Sphynx ran off, jumping onto a car a moment later and then lighting up with a sort of white glow as it made a prodigious leap up onto the roof of a building.
"...Armsmaster was right, they do have a weird way of speaking," Assault decided, eventually. "So, where are we going, puppy?"
Battery tapped her earpiece.
"Console?" she said. "We have a van again now. Sphynx sighted. Where did you want us?"
Taylor couldn't tell if it was something subconscious or subliminal, like how dogs were supposed to know an earthquake was coming before it actually hit, but she had the feeling that she needed to be over in this direction.
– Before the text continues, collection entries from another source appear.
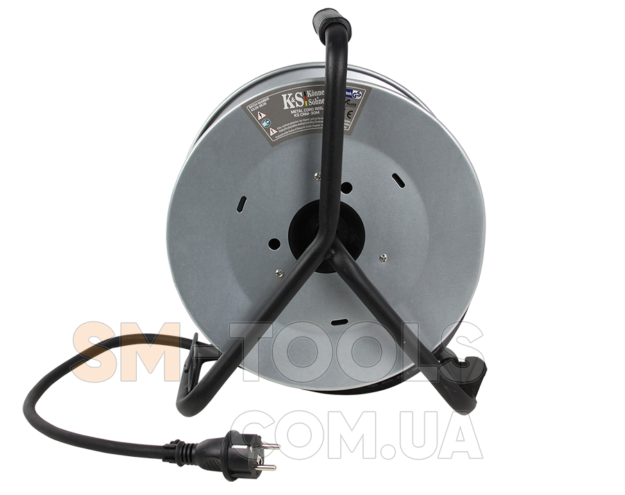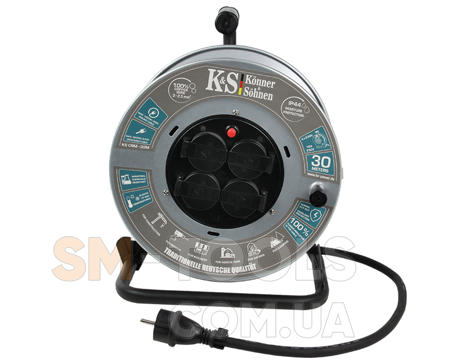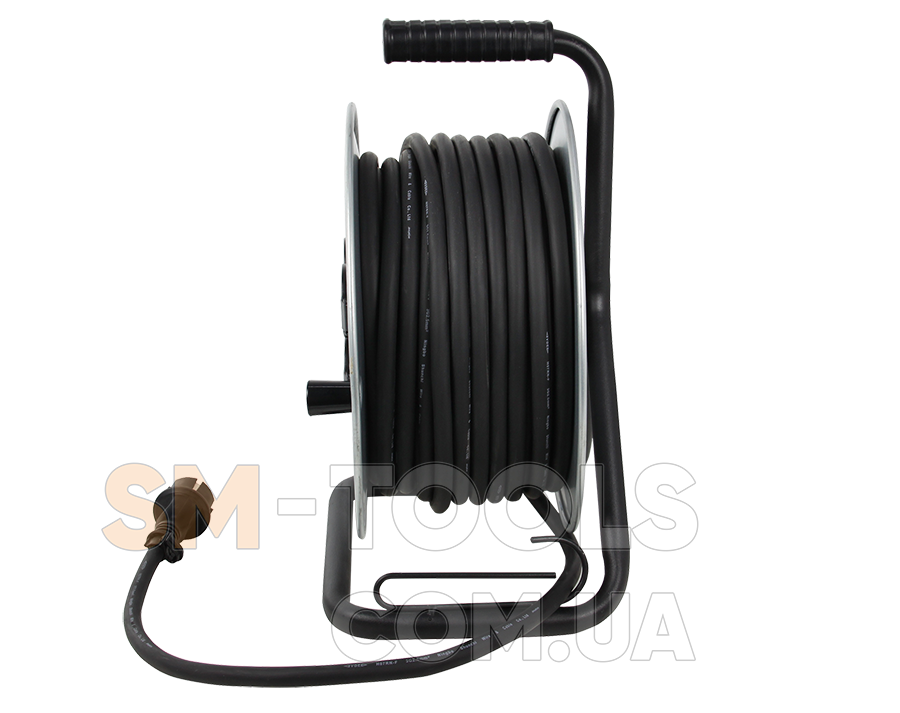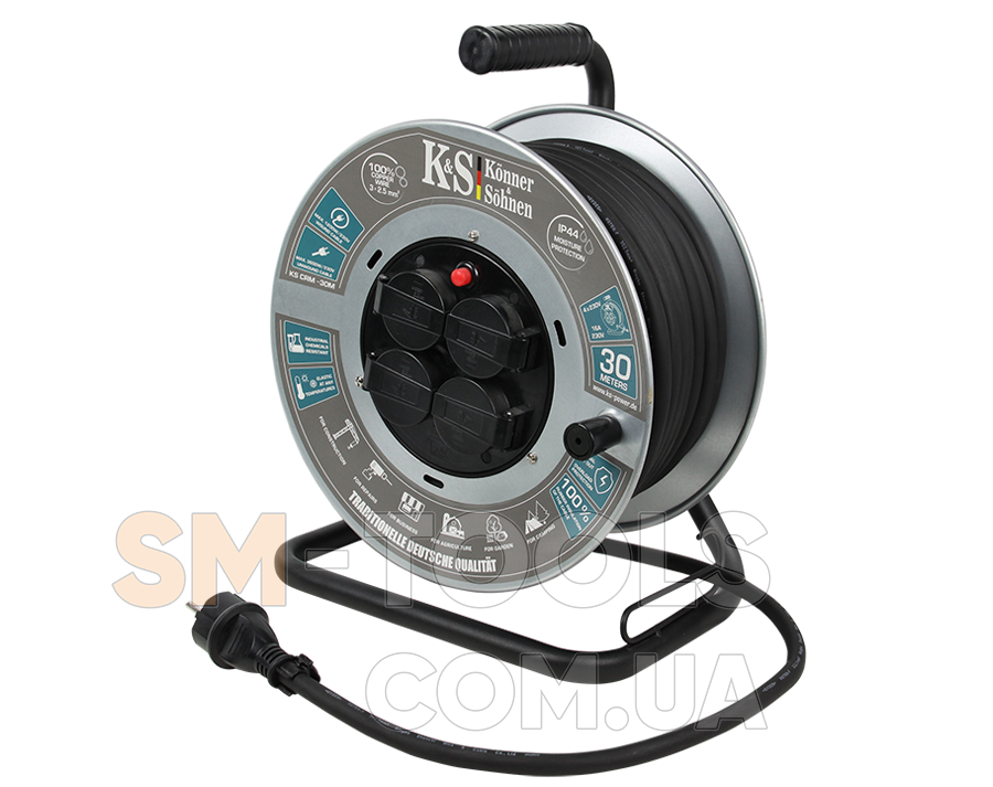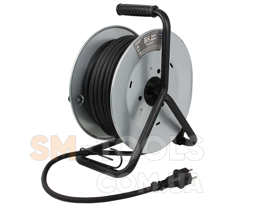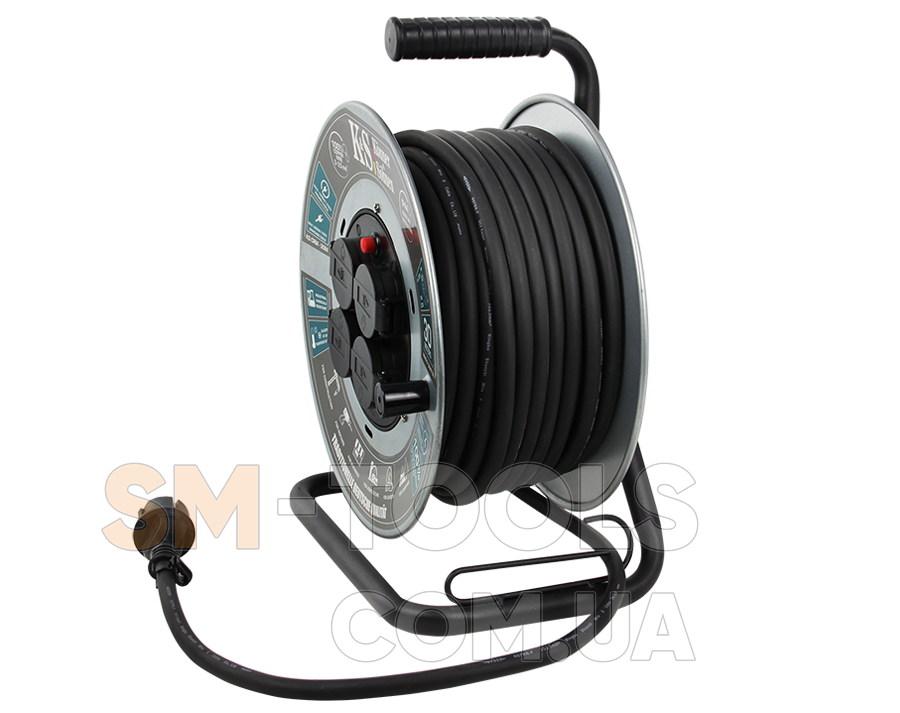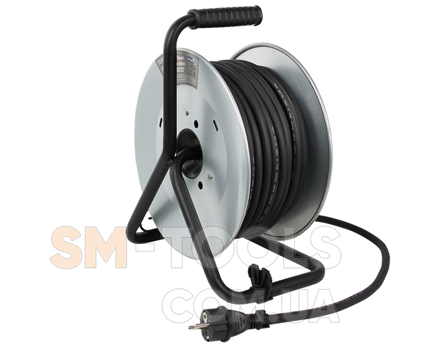 Котушка виготовлена зі спеціального посиленого металу, має міцну металеву рамну конструкцію, стійку до пошкоджень. Оснащена ергономічною гумовою ручкою для комфортного переміщення, фіксатором кабелю, кріпленням для регулювання направлення кабелю, фіксатором для блокування довільного розкручування котушки. Довжина кабелю сягає 30 метрів та підходить для віддаленого підключення до 4-х електричних приладів одночасно. -
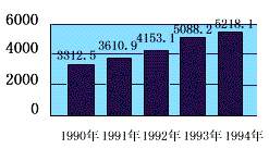 图一为1990年至1994年国家财政收入总额(单位亿元)的二维柱形图。
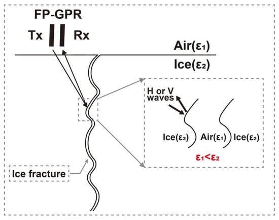 The ice fracture is shown in Figure 8b which penetrates the entire ice sheet. Figure 9 presents the FP-GPR data before and after Kirchhoff migrations. The signals from the ice fracture are composed of many hyperbolas. As the boundaries of the ice fracture are irregular and rough, these hyperbolas are considered to be generated by the scattering points on the ice-fracture boundaries, which can be illustrated by Figure 10. According to this schematic diagram, we can find that the signals from the ice fracture mainly contain the surface-like scattering component. However, we would like to highlight that the ideal surface-like and the double-bounce scatterers in synthetic aperture radar (SAR) theory, defined under the important condition that the EM waves are transmitted from a medium with a low dielectric constant to a medium with a high dielectric constant (air and land) [30,31,32,33]. In this case, the SHH and SVV are in-phase for the surface scattering and out-phase for the double-bounce scattering [33,34,35]. In contrast, when the EM waves are transmitted from a high dielectric constant media to a low dielectric constant media as Figure 10 shows and the incident angle is less than the angle of total reflection (), the SHH and SVV will be out-phase for the surface-like scattering instead [33,34,35]. Therefore, the signals from ice fracture in Figure 10 will present double-bounce scattering signatures. Notably, this double-bounce scattering is different from the dihedral scattering in Section 3.1 and does not result from the double bounces of the EM waves on the targets but the different relative values of the dielectric constants on the two sides of the interface. This conclusion can also be reached for the detection of other targets as long as the condition of < is satisfied.
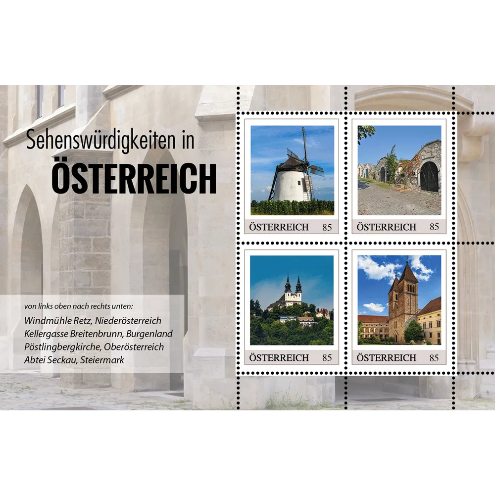 Windmühle Retz – Niederösterreich, Kellergasse Breitenbrunn – Burgenland, Pöstlingbergkirche – Oberösterreich, Abtei Seckau – Steiermark
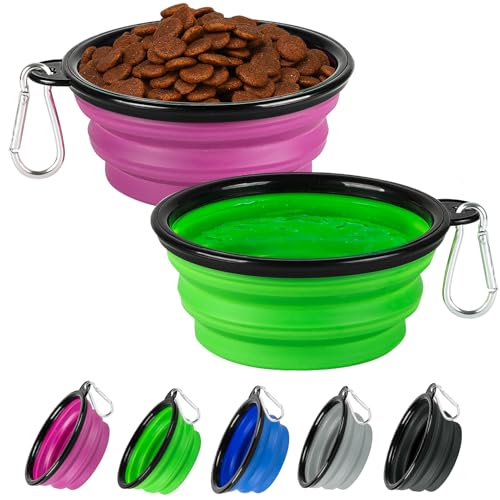 Collapsible Dog Bowl 2 Pack, Dog Water Bowls for Travels, Portable Foldable Pet Bowls Feeding Watering Dish for Parking Walking Camping with 2 Carabiners Clip (12oz, Small, Green+Purple)
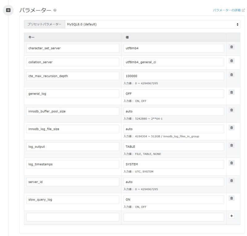 適用可能なパラメーターは、MySQL5.7もしくはMySQL8.0公式リファレンスマニュアルに記載されているmy.cnfの[mysqld]セクション内で適用可能なサーバーシステム変数です。
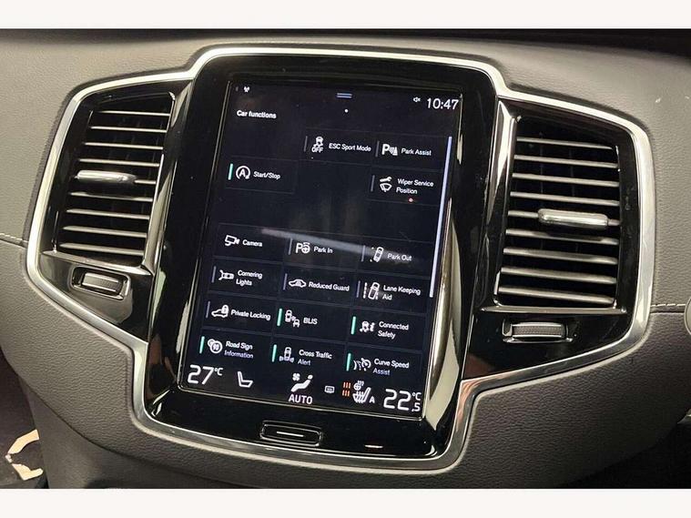 12.3" Active TFT crystal driver's instrument display, 9" centre console portrait touch screen, Adjustable steering wheel force, Bluetooth hands free telephone connection, Drive mode settings, Driver alert control with lane keeping aid, Front and rear park assist, Handsfree power tailgate opening and closing, Intellisafe assist - Adaptive cruise control with pilot assist, Oncoming Lane Mitigation, Sensus navigation with European mapping and traffic information, Service interval indicator, Speed limiter, Speed sensitive steering, Trip computer, Voice activated control for key functions, Volvo on call, Wireless internet connection, 8 speed automatic transmission with start/stop + manual change functions, All wheel drive system, Touring chassis, DAB Radio (Digital Audio Broadcasting), Steering wheel audio controls, Steering wheel remote infotainment controls, Adaptive brake lights with high level LED brake lights, Auto dimming interior + exterior mirrors, Automatic headlight levelling system, Automatic LED Headlights + Active high beam incorporating daytime running lights, Body colour bumpers, Colour coordinated auto folding and heated power door mirrors, Dark tinted windows for rear side windows and cargo area, Dual integrated exhaust pipes with high gloss black surround, Front and rear power windows, Front LED fog lights with cornering function, High gloss black Deco lower front bumper, High gloss black door mirrors, High gloss black mesh front grille with silk metal surround, High gloss black window surround, Home safe and approach lighting, Integrated roof rails in high gloss black, Puddle lights, Rain sensor with automatic windscreen wiper activation, Rear wash/wipe with intermittent wipe setting, Roof antenna, Roof spoiler, Visible VIN plate, 2nd Row centre armrest with storage and cupholders, 3 spoke leather steering wheel and illuminated gear knob with chrome trim, A-pillar parking ticket holder, B Pillar ventilation, Bright metal luggage threshold, Cargo divider with grocery bag holder, Centre console cupholders and storage, Driver's side lower dashboard storage compartment, Front and rear door pocket and front cupholder illumination, Front footwell and side step illumination, Front headrests, Front seat cushion extensions, Heated front seats, Height/reach adjustable steering column, Illuminated front and rear R-Design tread plates, Illuminated luggage compartment, Illuminated tailgate, Illuminated vanity mirrors + ticket holder, Illumination lockable glovebox compartment, Load protection net, Multicolour theatre lighting, Nappa Leather Key Integrated Remote, Outboard armrest with cupholder and storage for third row passengers, Passenger seat electric height adjuster, Passenger seat lumbar support, Power driver seat with multi directional lumbar support and memory for seat and exterior mirrors, Rear footwell and side step illumination, Rear headrests, Semi automatic load cover, Sports floor mats, Sports leather gear knob, Sports pedals, Sports steering wheel with gear shift paddles, Three 2nd row individual folding passenger seats with fore/aft adjustment, Two 3rd row individual folding passenger seats, Underfloor cargo storage, 7 three point seatbelts, City safety includes pedestrian, cyclist and large animal detection and front collision warning with full auto brake, Drivers knee airbag, Dual stage driver/passenger airbags, First aid kit, Front and rear curtain airbags, Front seat side impact airbags, Front seats SIPS airbags, Hill descent control, Hill start assist, IC (Inflatable Curtains) - Full Length, Passenger airbag cut-off switch, Power parking brake with auto hold function, Run off Road Mitigation, Run off Road Protection, Seatbelt reminder and pretensioners for all seats, SIPS (Side Impact Protection System), Slippery road and hazard light alert, Stability and Traction Control with Spin control, Engine Drag Control and Corner Traction Control, Tyre pressure monitoring system, Vehicle deceleration control with Anti-lock Brake System, Electronic Brake Distribution and Emergency Brake Assist, Warning triangle, WHIPS whiplash protection system - front, Anti-theft alarm including immobiliser/volume sensor + level sensor, Key integrated remote control central locking + fuel flap with deadlocking system and auto open/close power windows, Keyless drive (includes keyless entry and keyless start) with remote tag, Locking wheel nuts, Private locking for glovebox and tailgate, Tailored Instrument Panel and Door Tops with Contrast Stitching, Tempa spare wheel and jack,
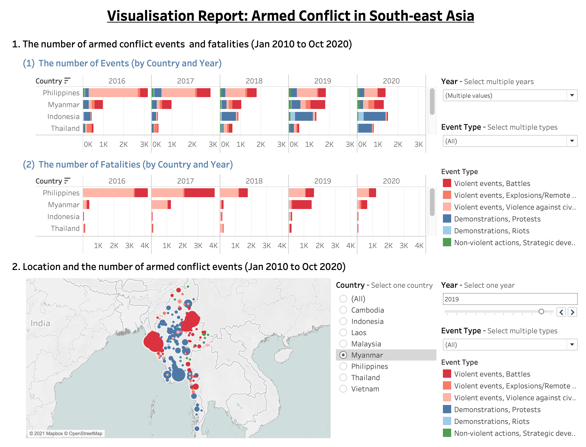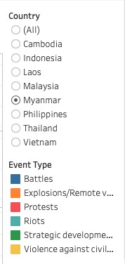 4. Do the same action as above for “Event Type” filter in “1. The number of armed conflict events and fatalities (Jan 2010 to Oct 2020)”
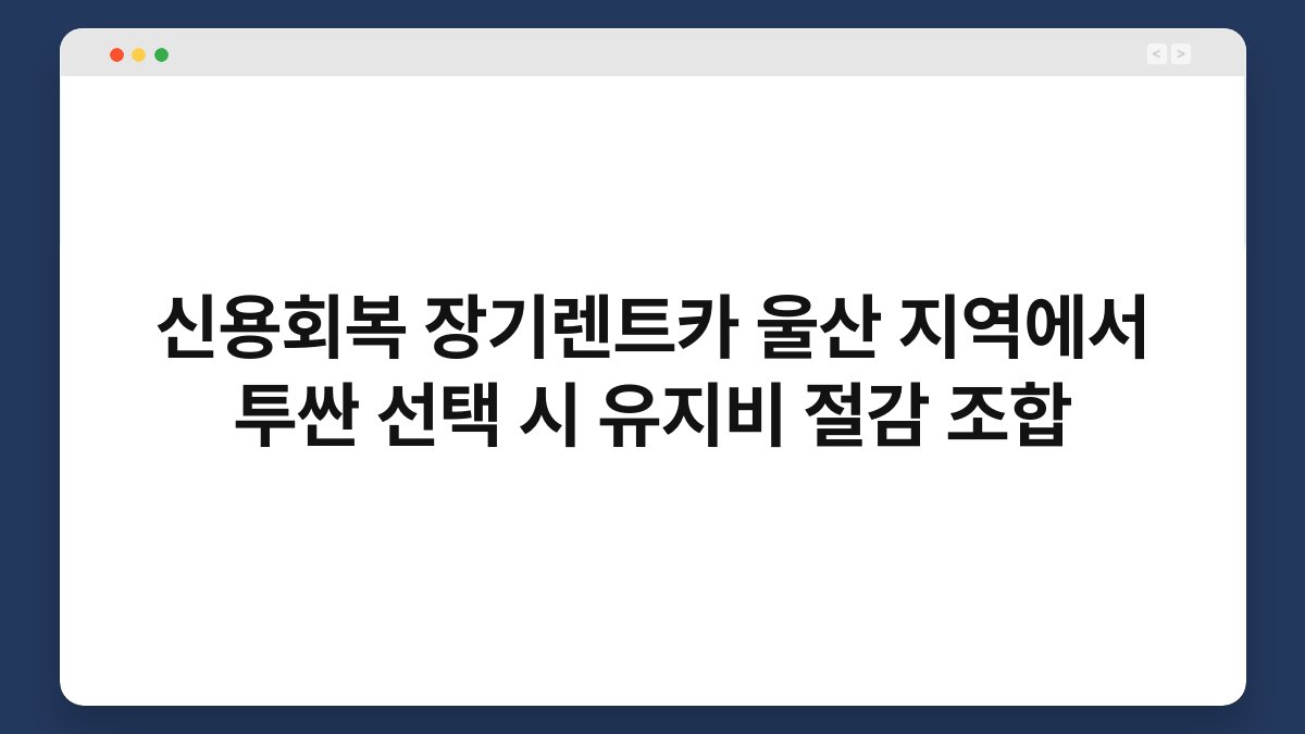 운전 중 유지비가 부담스럽다고 느끼신 적이 있으신가요? 특히 울산 지역에서 신용회복이 필요한 분들에게는 장기렌트카가 좋은 대안이 될 수 있습니다. 특히 현대의 투싼 모델은 유지비 절감에 큰 도움이 될 수 있는 차량입니다. 이 글에서는 울산 지역에서 신용회복을 고려하며 장기렌트카로 투싼을 선택했을 때의 이점과 황제오토플랜의 도움이 어떻게 연결되는지 알아보겠습니다.
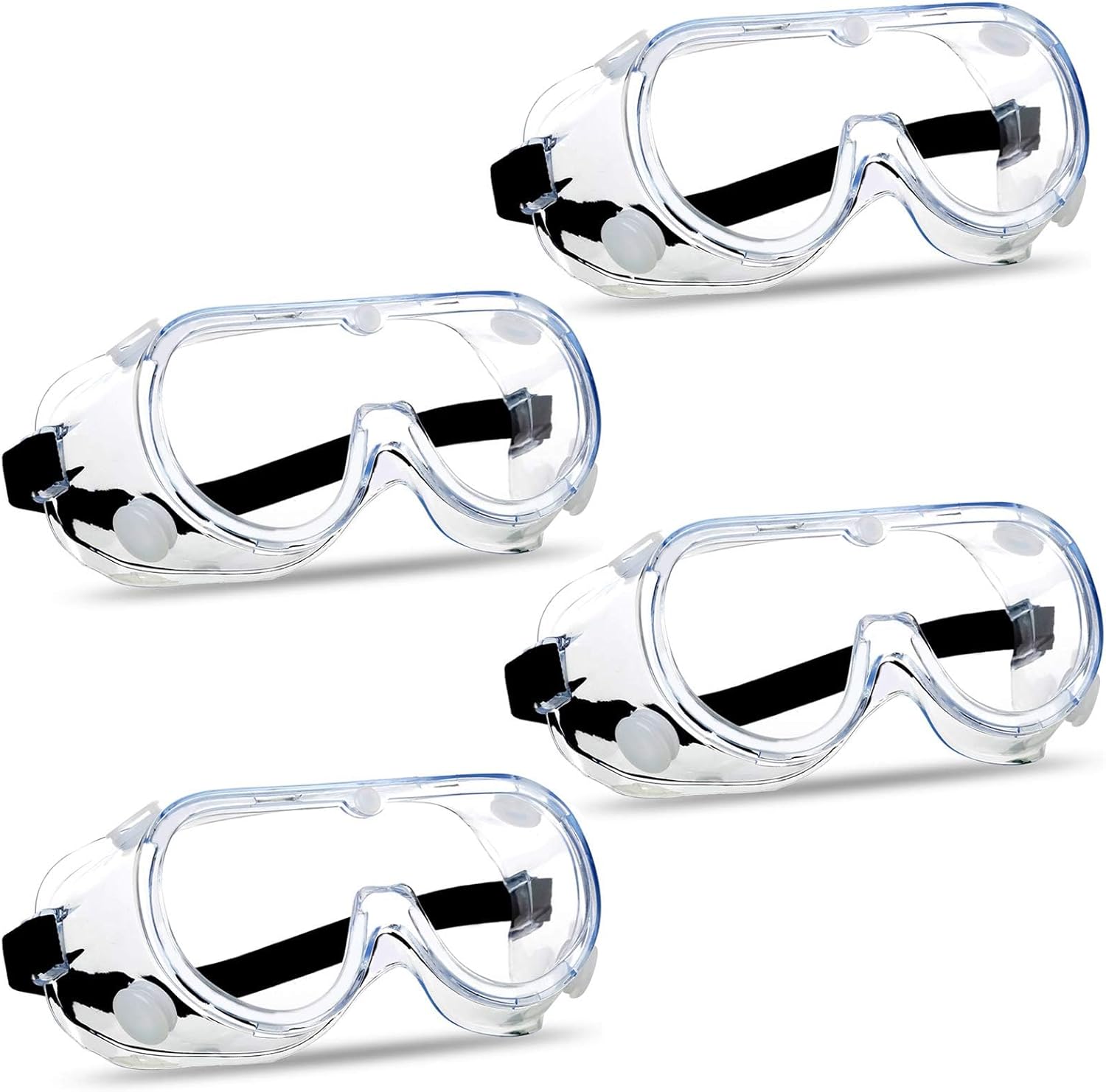 Super More 4PCS Anti-Fog Protective Safety Goggles Clear Lens Wide-Vision Adjustable Chemical Splash Eye Protection Soft Lightweight Eyewear
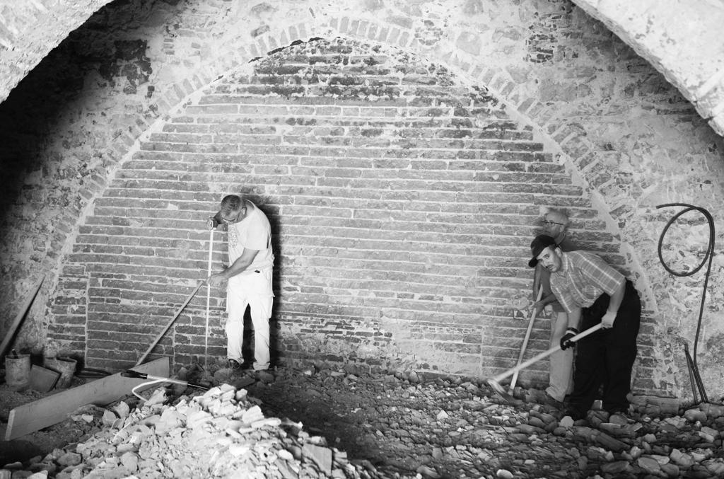 Aquando da limpeza do espaço, por parte da proprietária, cuja datável de localizado no centro histórico de Évora (classificado como Monumento Nacional) iniciaram-se obras: remoção dos tectos falsos, revestimentos desadequados, modernização das instalações eléctricas, de águas e esgotos, etc.

Further south, across a city where things seemed to be going mad.
There were people using guns to rob stores or hold people up, but they seemed almost as terrified as their victims. Taylor exerted her telekinesis when she could, making guns drop their magazines or blasting them out of the hands of the holders with jets of force, but they weren't the thing that drove Taylor onwards so she kept going.
Then she reached the place her senses were screaming about, a park not far from Arcadia High, and stopped to stare.
Because… at first glance, it looked like nothing was wrong. Nothing was happening there, people were just strolling around, there were cars, dogs were being walked… until you looked closer.
Nothing was happening.
There was a circle about two hundred feet across, where everything was… frozen. People weren't moving, cars weren't driving, nothing. And, now Taylor was looking properly, she could see that there were PRT agents setting up roadblocks where the circle intersected the road, and Armsmaster's motorcycle and armour stopped nearby.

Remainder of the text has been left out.